Monday, 27 June 2011

NBER papers on transport and labour economics

The NBER publish some good economics! Here are a couple of new working papers I liked the sound of :
Pounds that Kill: The External Costs of Vehicle Weight
Michael Anderson, Maximilian Auffhammer

Heavier vehicles are safer for their own occupants but more hazardous for the occupants of other vehicles. In this paper we estimate the increased probability of fatalities from being hit by a heavier vehicle in a collision. We show that, controlling for own-vehicle weight, being hit by a vehicle that is 1,000 pounds heavier results in a 47% increase in the baseline fatality probability. Estimation results further suggest that the fatality risk is even higher if the striking vehicle is a light truck (SUV, pickup truck, or minivan). We calculate that the value of the external risk generated by the gain in fleet weight since 1989 is approximately 27 cents per gallon of gasoline. We further calculate that the total fatality externality is roughly equivalent to a gas tax of $1.08 per gallon. We consider two policy options for internalizing this external cost: a gas tax and an optimal weight varying mileage tax. Comparing these options, we find that the cost is similar for most vehicles.

(See also my post on external accident risk)

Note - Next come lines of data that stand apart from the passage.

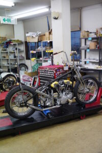これはアメリカでは珍しい?と思うんですが、日本人好みなオールドスクールチョッパー。エンジンはエボを搭載しています。
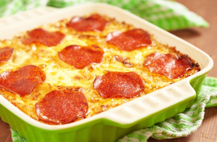 This tasty Forkly recipe gives you all the comforting satisfaction that casseroles have to offer with a delicious spin of pizza flavors. To save time, prepare the pizza casserole the night before so it's ready to place into the oven as soon as you're home from work the next day.
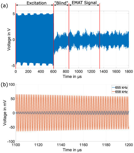 During excitation, the output of the amplifier is driven into saturation. After the excitation, there is a “blind” window of about 250 μs where no measurements are possible due to necessary signal settling. After 850 μs, the EMAT signal is measured. As can be seen, the EMAT signal is quite noisy, but additional signal post-processing, including filtering operations, will help to extract the necessary information for the EMAR operation.
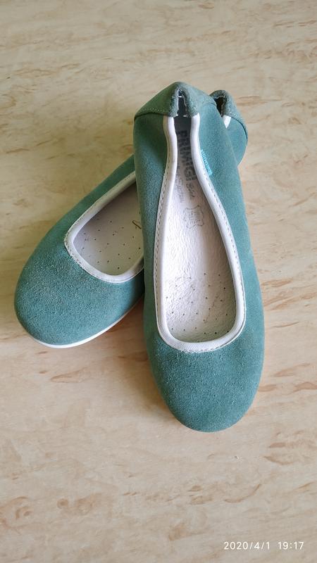 Балеточки м'ятного кольору, повністю шкіра, стел.18-см. Воздушна стелька.
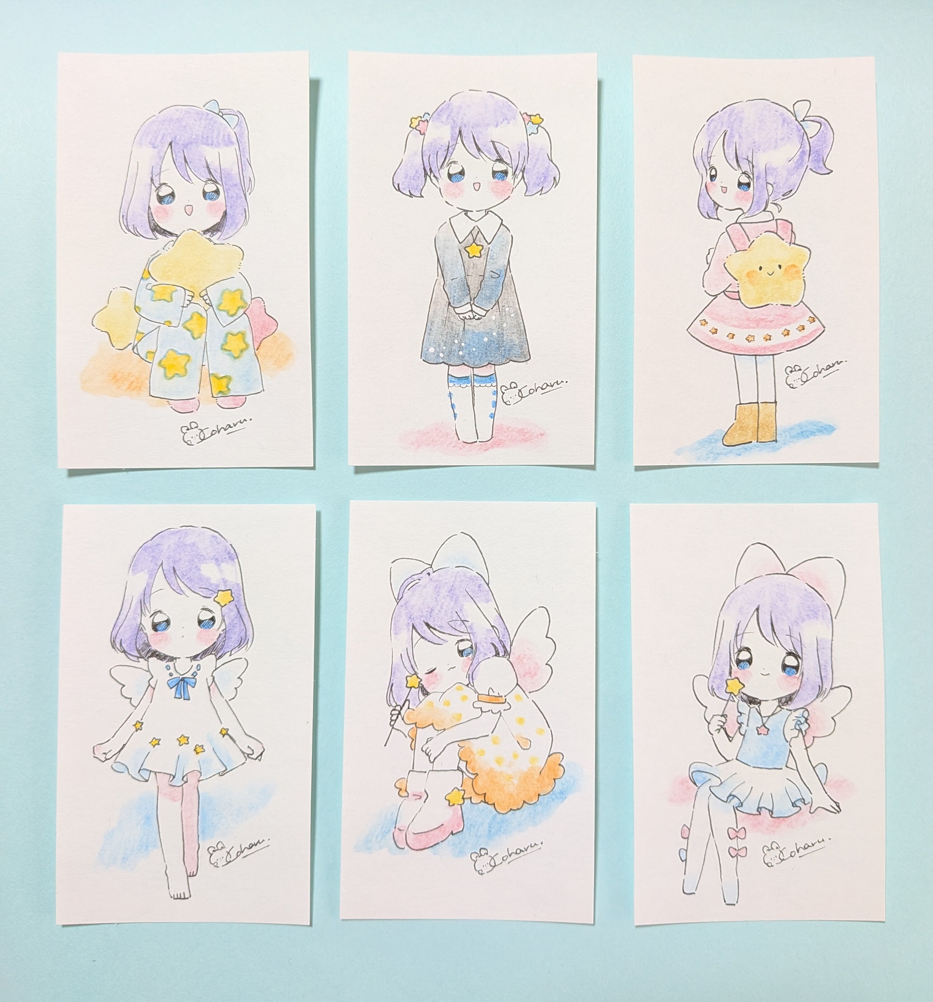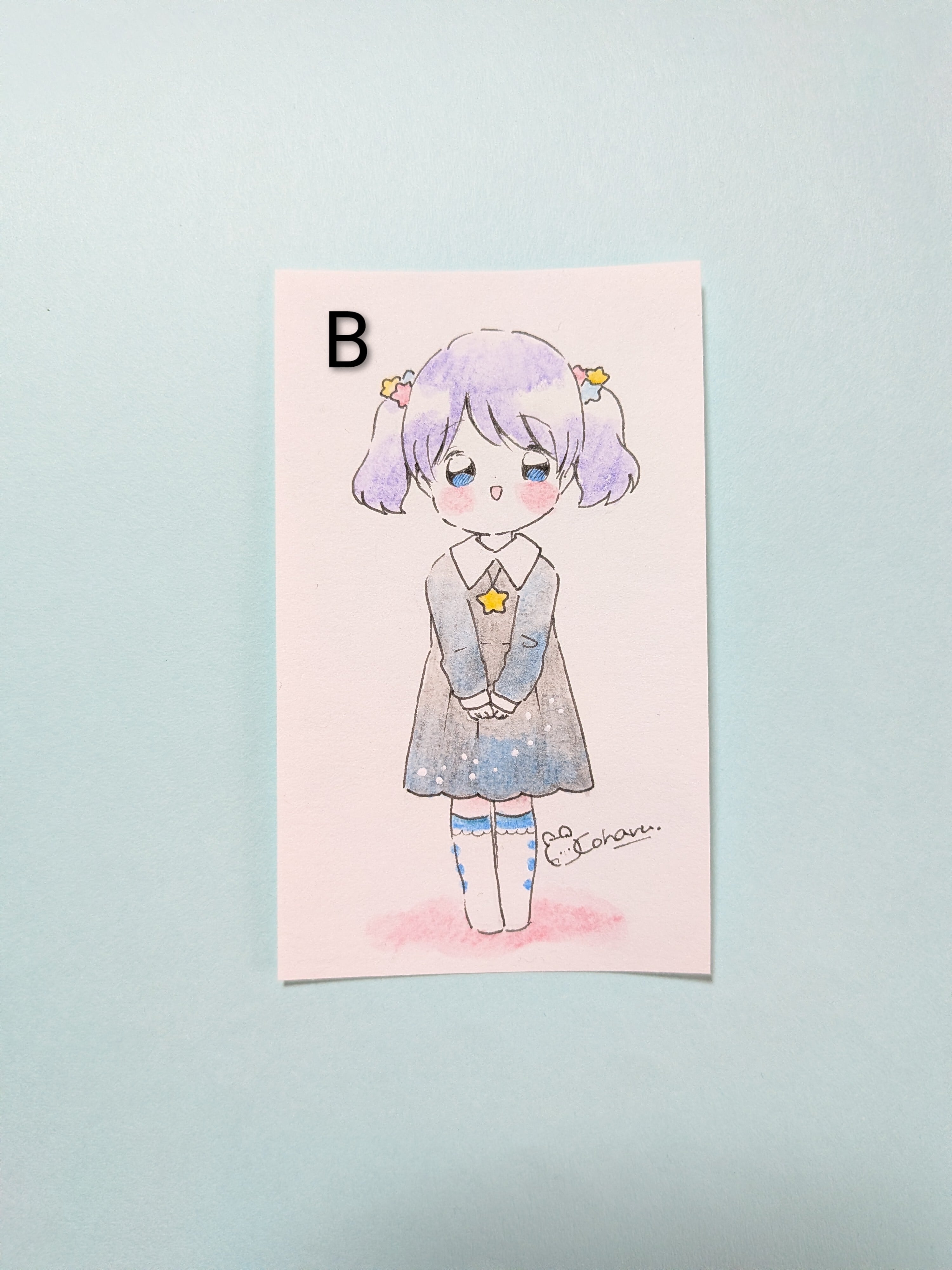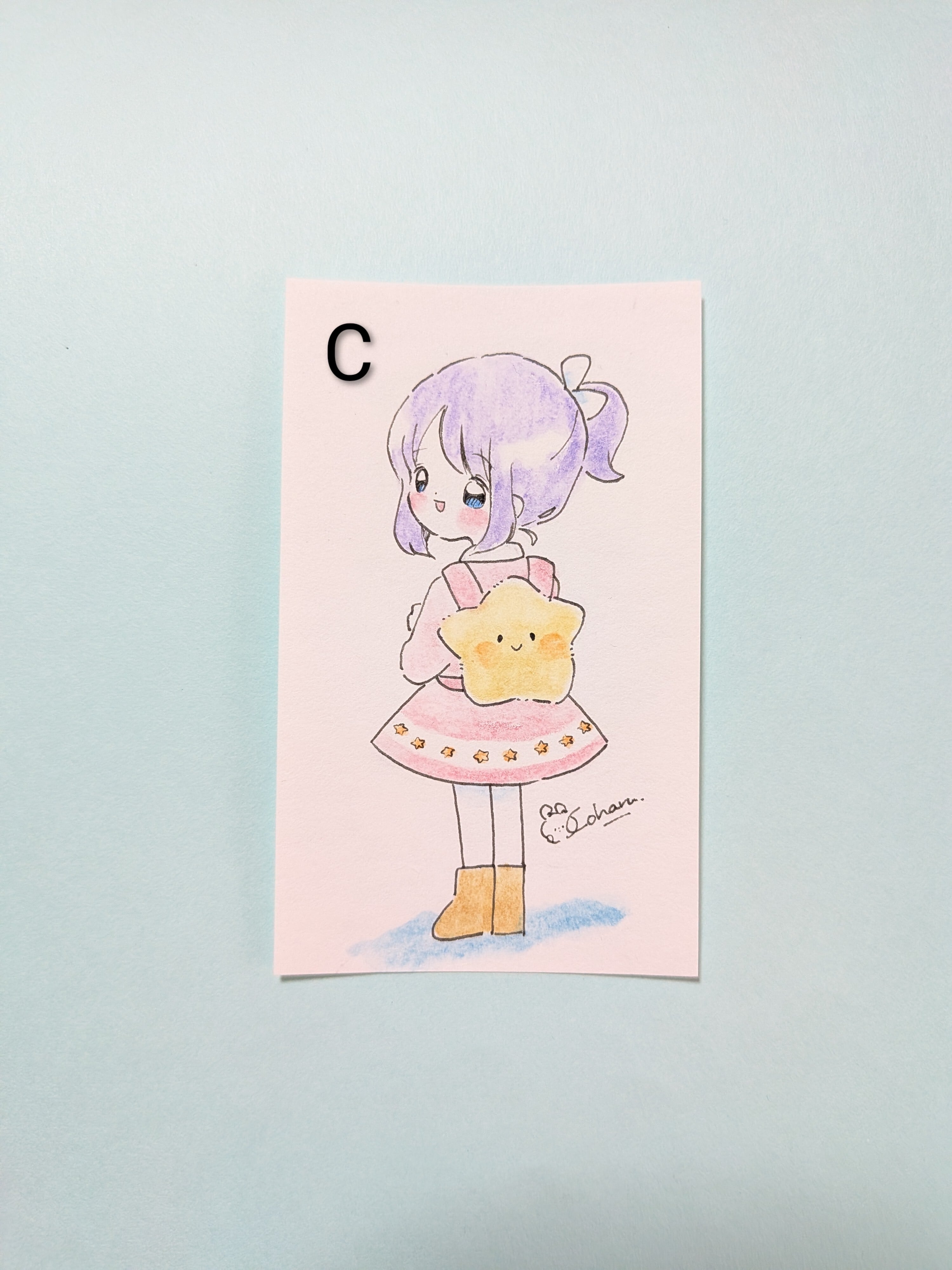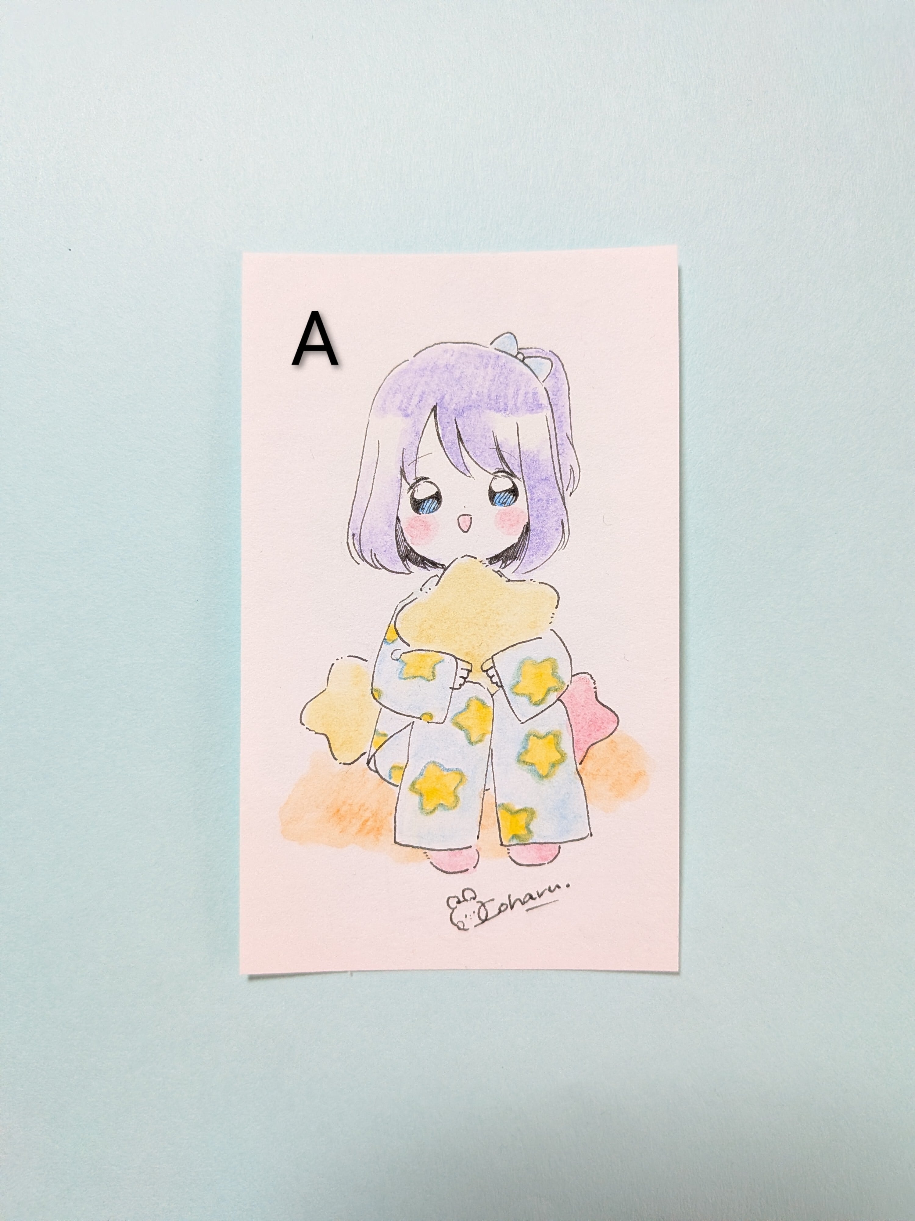 名刺サイズの用紙に描いた原画です。

The Incidence of Local Labor Demand Shocks
Matthew J. Notowidigdo

Low-skill workers are comparatively immobile: when labor demand slumps in a city, low-skill workers are disproportionately likely to remain to face declining wages and employment. This paper estimates the extent to which (falling) housing prices and (rising) social transfers can account for this fact using a spatial equilibrium model. Nonlinear reduced form estimates of the model using U.S. Census data document that positive labor demand shocks increase population more than negative shocks reduce population, this asymmetry is larger for low-skill workers, and such an asymmetry is absent for wages, housing values, and rental prices. GMM estimates of the full model suggest that the comparative immobility of low-skill workers is not due to higher mobility costs per se, but rather a lower incidence of adverse labor demand shocks.

In other words, policies that protect against unemployment and poverty also reduce mobility, which obviously doesn't mean the policies aren't worthwhile but does tend to increase the likelihood of both spatially concentrated and temporally extended unemployment.